I am personally not familiar with the purpose or history of the scheme
attribute so I'll defer that question to somebody else.  But it does
seem a bit behaviour-centric.  More below ...

> If plaintext *means* the same thing as pre given this statement about UA
> *behavior*, "User agents must treat plaintext elements in a manner
> equivalent to pre elements.", isn't the *behavioral* statement quoted above
> enough to define @scheme to *mean* nothing (i.e. it's a talisman)?

No, behavioural statements are irrelevant to language definitions and
therefore media type registrations, because behaviour can vary
dramatically between different classes of user agent.  The only thing
that matters is semantics.

I was just reminded of Mike's language draft;

http://dev.w3.org/html5/markup/

IMO, something like that, once complete (and including the HTML 5
parser), would make a more suitable reference for the media type
registration than the HTML 5 spec for these reasons.

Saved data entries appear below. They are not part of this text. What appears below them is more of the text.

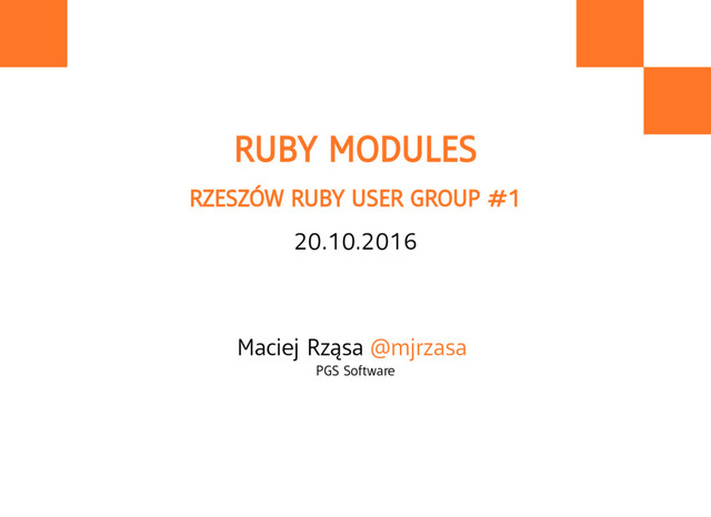 Uses of Ruby modules. Presentation given during the first meeting of Rzeszów Ruby User Group.
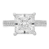 3.5 Carat Princess Cut Cubic Zirconia Center Stone Engagement Ring Micro Pave Eternity Shank 14K White Gold
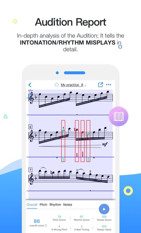 多声部:应用程序跟随乐谱上的多个乐器,并指示每个音符的偏移。还支持钢琴伴奏的伴奏曲目。
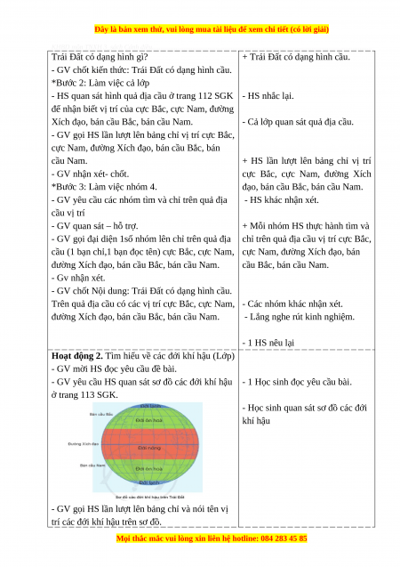 + Nhận biết ban đầu về hình dạng Trái Đất qua quả địa cầu.
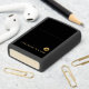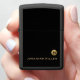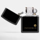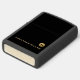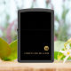 Een minimalistisch monogrammeontwerp met klassieke blokmonogram typografie-initialen op een geborsteld metalen goudembleem met een gepersonaliseerde naam hieronder op een eenvoudige zwarte achtergrond. Perfect accessoire of aangepast cadeau voor elke gelegenheid.
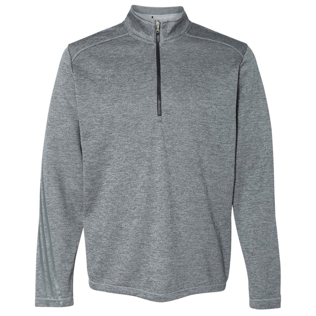 As colder weather descends upon us let the Adidas Golf Men's Mid Grey Heather/Black Brushed Terry Heather Quarter-Zip keep you warm and toasty. Made of 100% polyester with reflective gradient 3-stripes on the right forearm and Adidas logo, the brushed terry offers a professional look with a comfortable feel. Great for layering with custom Adidas polo shirts, these quarter-zip pullovers could serve as part of employee apparel or just an added layer at the next trade show. Add your company logo or corporate embroidery for that little extra on the already amazing pullover. Start your design and place an order today. We are waiting to hear from you!Corresponding Women's Style:Adidas Golf Women's Mid Grey Heather/Black Brushed Terry Heather Quarter-Zip
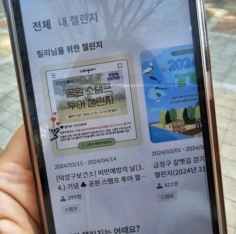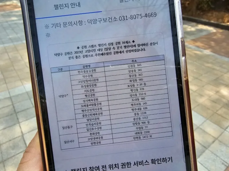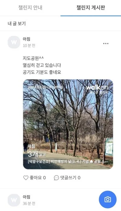 이후 챌린지 게시판에 공원 방문 인증사진과

> Also, doesn't the following "define" @profile on at least the same level as
> plaintext is defined?
>
> "When the attribute would be used as a globally unique name, the user agent
> should instead always assume that all known profiles apply to all pages, and
> should therefore apply the conventions of all known metadata profiles to the
> document.
>
> When the attribute's value would be handled as a URL and dereferenced, the
> user agent may resolve the attribute's value, and if that is successful, may
> then fetch the resulting absolute URL and apply the appropriate processing."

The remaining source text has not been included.